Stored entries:
· · · · ·

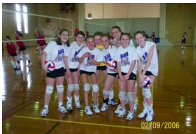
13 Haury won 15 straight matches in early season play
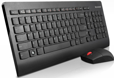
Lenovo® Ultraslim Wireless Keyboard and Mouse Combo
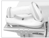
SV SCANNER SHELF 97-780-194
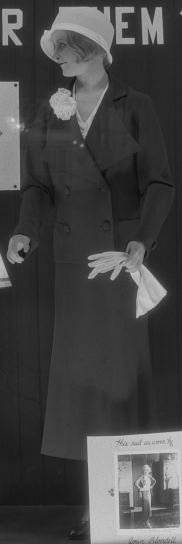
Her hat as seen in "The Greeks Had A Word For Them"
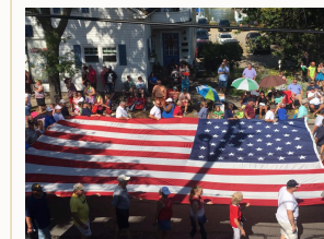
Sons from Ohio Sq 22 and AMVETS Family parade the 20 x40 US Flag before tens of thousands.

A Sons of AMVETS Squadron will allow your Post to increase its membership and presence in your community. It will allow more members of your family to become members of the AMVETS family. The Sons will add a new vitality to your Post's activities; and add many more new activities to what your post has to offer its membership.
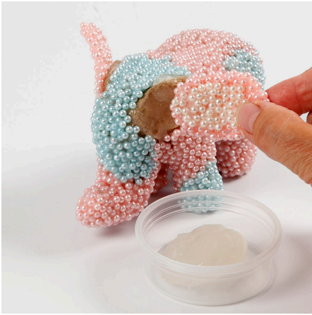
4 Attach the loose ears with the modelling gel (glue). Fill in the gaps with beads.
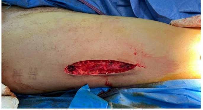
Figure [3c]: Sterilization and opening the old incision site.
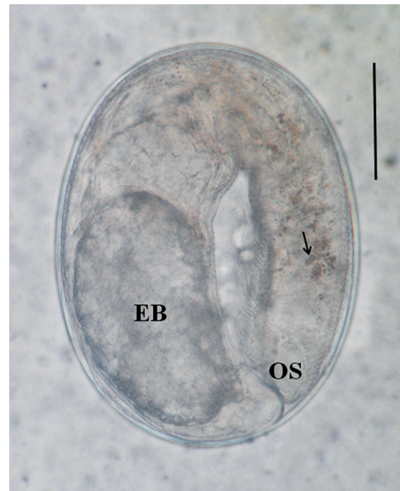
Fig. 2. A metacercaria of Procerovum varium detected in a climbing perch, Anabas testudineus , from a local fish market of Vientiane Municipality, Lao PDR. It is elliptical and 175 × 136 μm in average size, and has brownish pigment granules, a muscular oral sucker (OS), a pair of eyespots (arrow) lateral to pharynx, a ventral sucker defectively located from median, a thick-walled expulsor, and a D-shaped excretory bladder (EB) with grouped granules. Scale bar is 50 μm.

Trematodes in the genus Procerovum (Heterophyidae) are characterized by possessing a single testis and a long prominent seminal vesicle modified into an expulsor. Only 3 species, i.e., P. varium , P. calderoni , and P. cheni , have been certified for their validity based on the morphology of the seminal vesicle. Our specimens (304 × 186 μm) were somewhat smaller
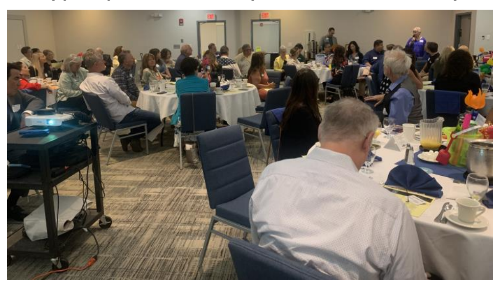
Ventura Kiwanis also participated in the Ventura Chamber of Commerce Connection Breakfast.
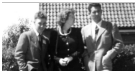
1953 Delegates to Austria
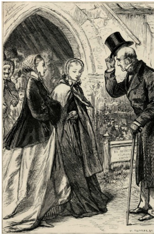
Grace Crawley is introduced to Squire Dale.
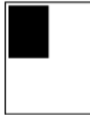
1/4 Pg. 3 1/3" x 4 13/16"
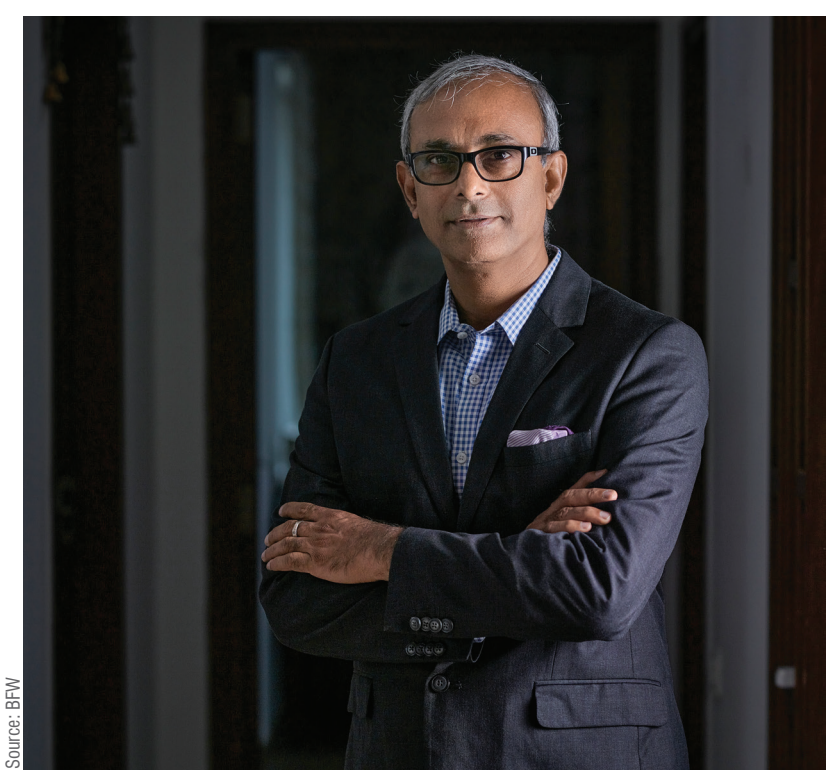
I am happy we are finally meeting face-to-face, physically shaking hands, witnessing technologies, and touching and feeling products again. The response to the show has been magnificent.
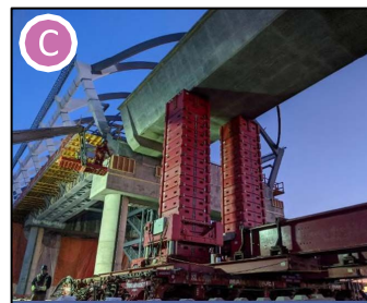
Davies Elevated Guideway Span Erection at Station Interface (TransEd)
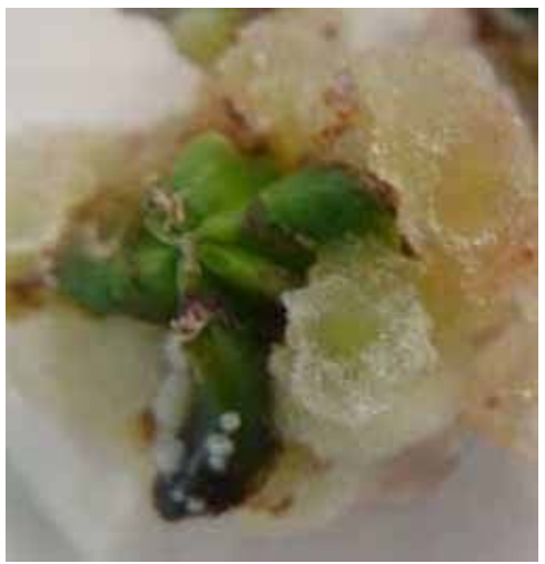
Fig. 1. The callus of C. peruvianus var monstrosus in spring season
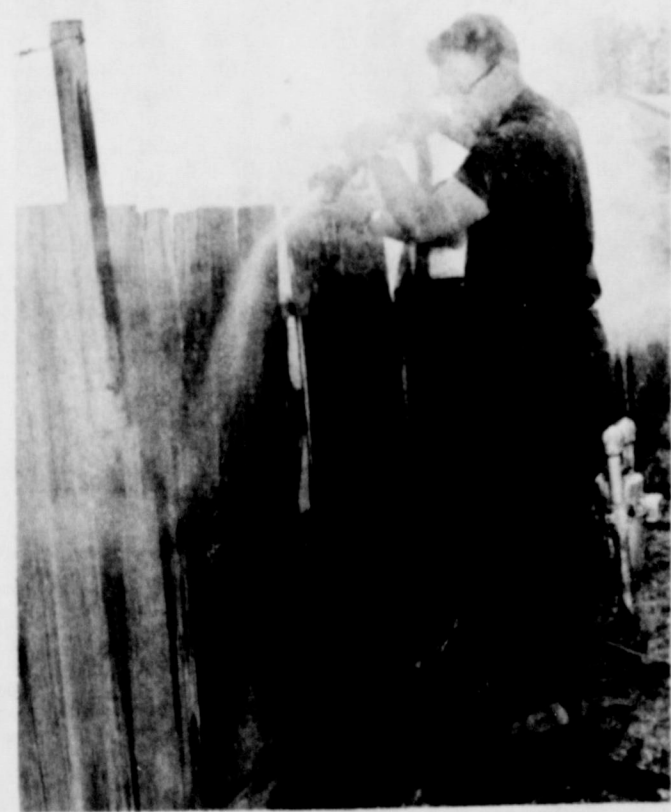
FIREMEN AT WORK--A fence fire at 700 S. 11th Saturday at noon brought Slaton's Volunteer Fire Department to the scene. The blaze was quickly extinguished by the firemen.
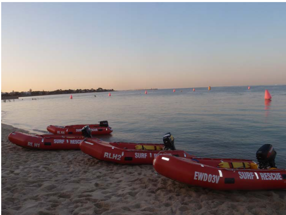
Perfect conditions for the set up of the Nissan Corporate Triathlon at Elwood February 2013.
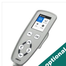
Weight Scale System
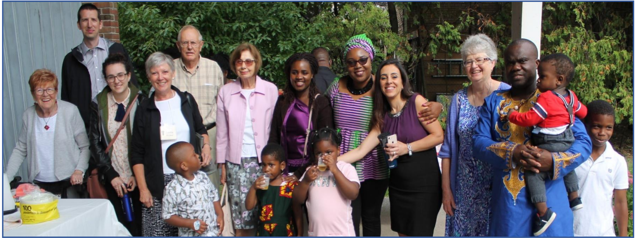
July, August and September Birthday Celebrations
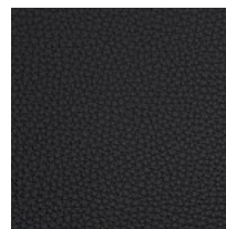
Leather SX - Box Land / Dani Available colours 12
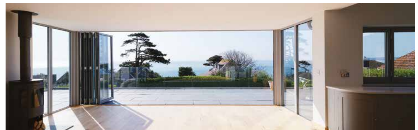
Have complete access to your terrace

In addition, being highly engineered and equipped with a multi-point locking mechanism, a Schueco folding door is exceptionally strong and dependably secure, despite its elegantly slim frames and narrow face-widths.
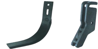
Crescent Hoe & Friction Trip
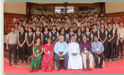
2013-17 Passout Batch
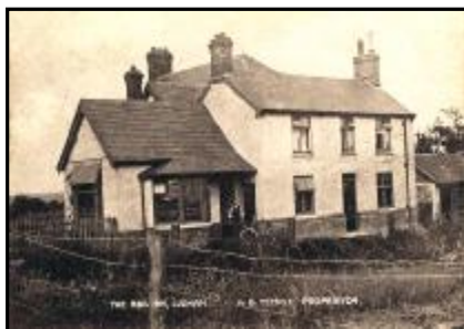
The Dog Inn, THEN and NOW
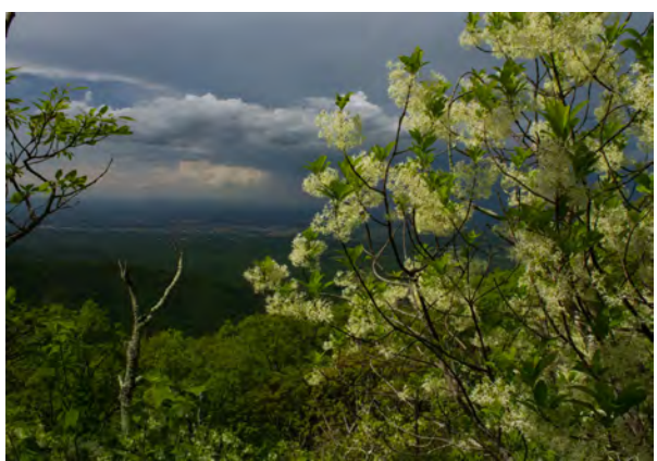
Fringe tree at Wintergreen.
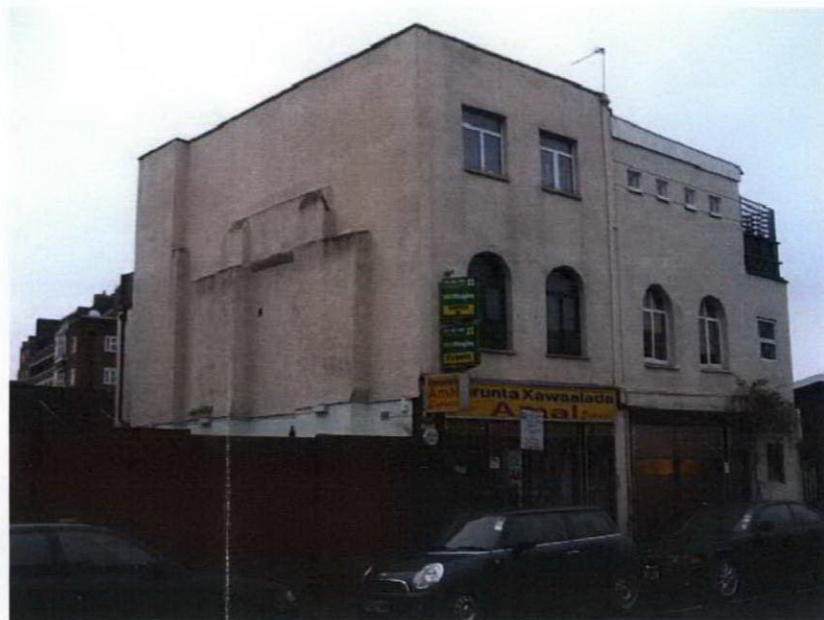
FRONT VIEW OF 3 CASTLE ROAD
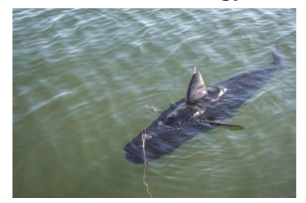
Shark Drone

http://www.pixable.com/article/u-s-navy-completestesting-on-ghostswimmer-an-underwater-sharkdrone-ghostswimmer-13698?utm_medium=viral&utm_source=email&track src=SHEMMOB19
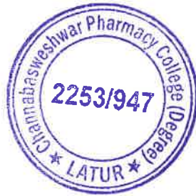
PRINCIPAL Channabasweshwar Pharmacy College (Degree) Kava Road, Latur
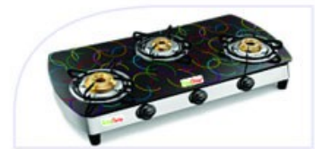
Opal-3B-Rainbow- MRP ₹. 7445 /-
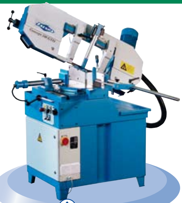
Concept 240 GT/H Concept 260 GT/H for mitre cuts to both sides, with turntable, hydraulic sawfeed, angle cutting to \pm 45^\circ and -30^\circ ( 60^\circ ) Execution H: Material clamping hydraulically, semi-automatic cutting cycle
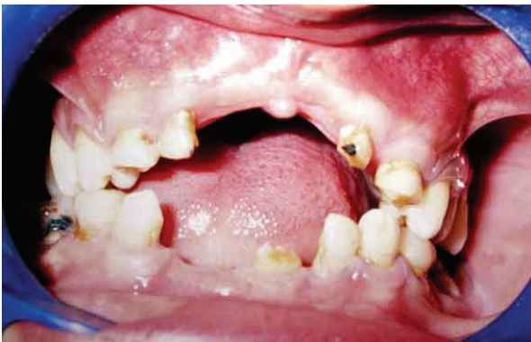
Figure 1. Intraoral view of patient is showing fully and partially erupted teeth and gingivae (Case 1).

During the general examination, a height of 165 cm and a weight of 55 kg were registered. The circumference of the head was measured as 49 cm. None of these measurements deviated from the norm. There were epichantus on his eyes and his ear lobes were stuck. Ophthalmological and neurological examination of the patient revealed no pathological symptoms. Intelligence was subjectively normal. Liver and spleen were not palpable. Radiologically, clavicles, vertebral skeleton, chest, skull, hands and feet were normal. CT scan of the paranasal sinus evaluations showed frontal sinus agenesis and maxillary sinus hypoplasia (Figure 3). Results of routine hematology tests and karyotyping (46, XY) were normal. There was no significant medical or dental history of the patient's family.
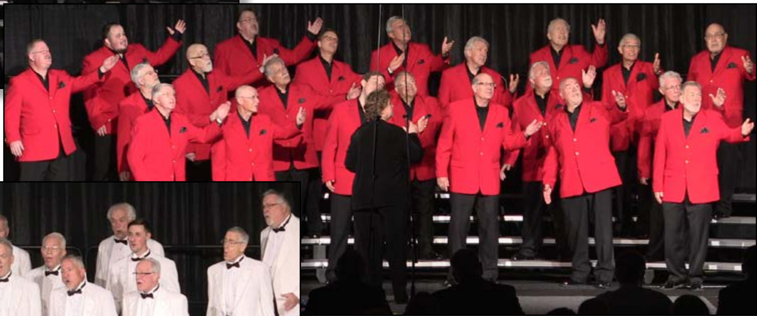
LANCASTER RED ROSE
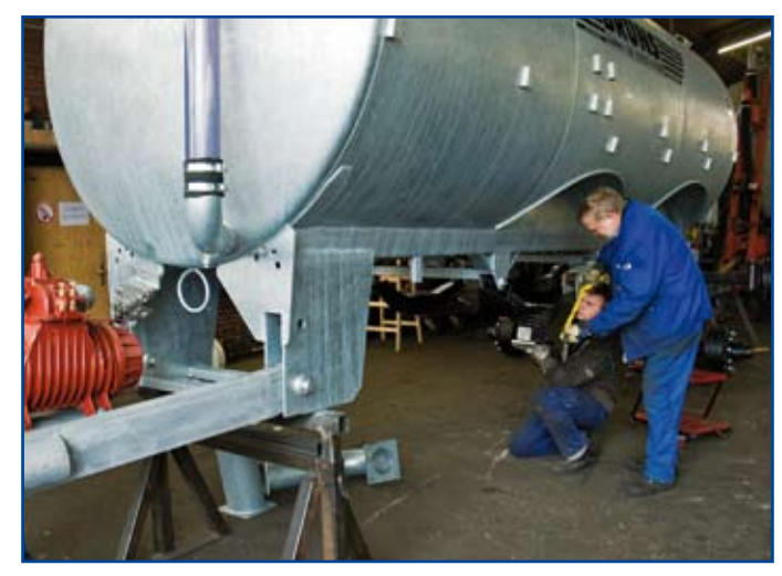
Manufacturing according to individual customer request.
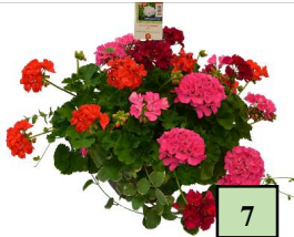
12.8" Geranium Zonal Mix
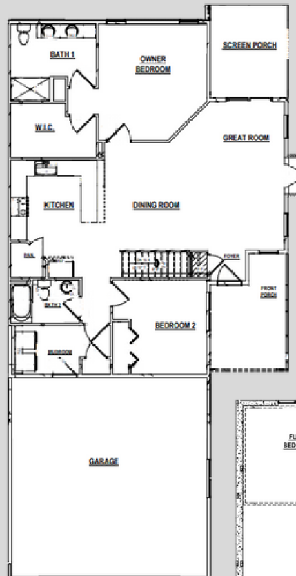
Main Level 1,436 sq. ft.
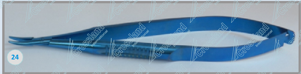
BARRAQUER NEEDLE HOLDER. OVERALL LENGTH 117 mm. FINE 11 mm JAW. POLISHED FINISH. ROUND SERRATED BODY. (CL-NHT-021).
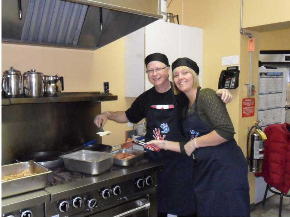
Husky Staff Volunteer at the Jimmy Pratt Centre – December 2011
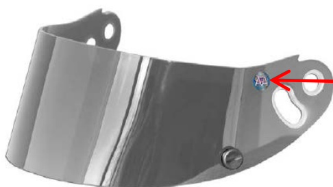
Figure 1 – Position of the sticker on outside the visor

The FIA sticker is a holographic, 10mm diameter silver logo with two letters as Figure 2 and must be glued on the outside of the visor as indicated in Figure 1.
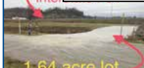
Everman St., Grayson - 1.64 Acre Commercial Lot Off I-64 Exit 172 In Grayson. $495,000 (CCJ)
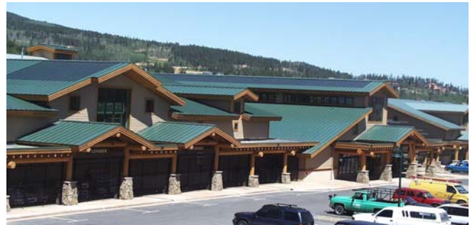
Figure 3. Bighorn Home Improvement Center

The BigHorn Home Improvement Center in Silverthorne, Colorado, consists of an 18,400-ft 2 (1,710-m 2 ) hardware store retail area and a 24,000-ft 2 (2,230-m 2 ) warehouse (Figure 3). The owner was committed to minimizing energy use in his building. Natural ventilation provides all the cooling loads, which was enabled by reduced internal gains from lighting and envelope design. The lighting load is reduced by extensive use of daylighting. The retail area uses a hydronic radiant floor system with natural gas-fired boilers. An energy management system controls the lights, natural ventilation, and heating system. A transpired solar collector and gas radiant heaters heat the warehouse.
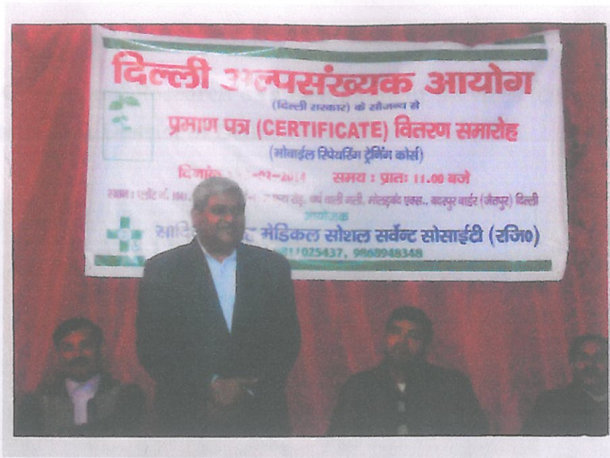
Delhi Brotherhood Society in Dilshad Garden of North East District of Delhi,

· · · · ·

## [Task requirements]
Take the lines from the start of the entries through the line containing "A Sons of AMVETS" and set them down exactly, leaving out every picture.

## [Exercise solution]
13 Haury won 15 straight matches in early season play
Lenovo® Ultraslim Wireless Keyboard and Mouse Combo
SV SCANNER SHELF 97-780-194
Her hat as seen in "The Greeks Had A Word For Them"
Sons from Ohio Sq 22 and AMVETS Family parade the 20 x40 US Flag before tens of thousands.

A Sons of AMVETS Squadron will allow your Post to increase its membership and presence in your community. It will allow more members of your family to become members of the AMVETS family. The Sons will add a new vitality to your Post's activities; and add many more new activities to what your post has to offer its membership.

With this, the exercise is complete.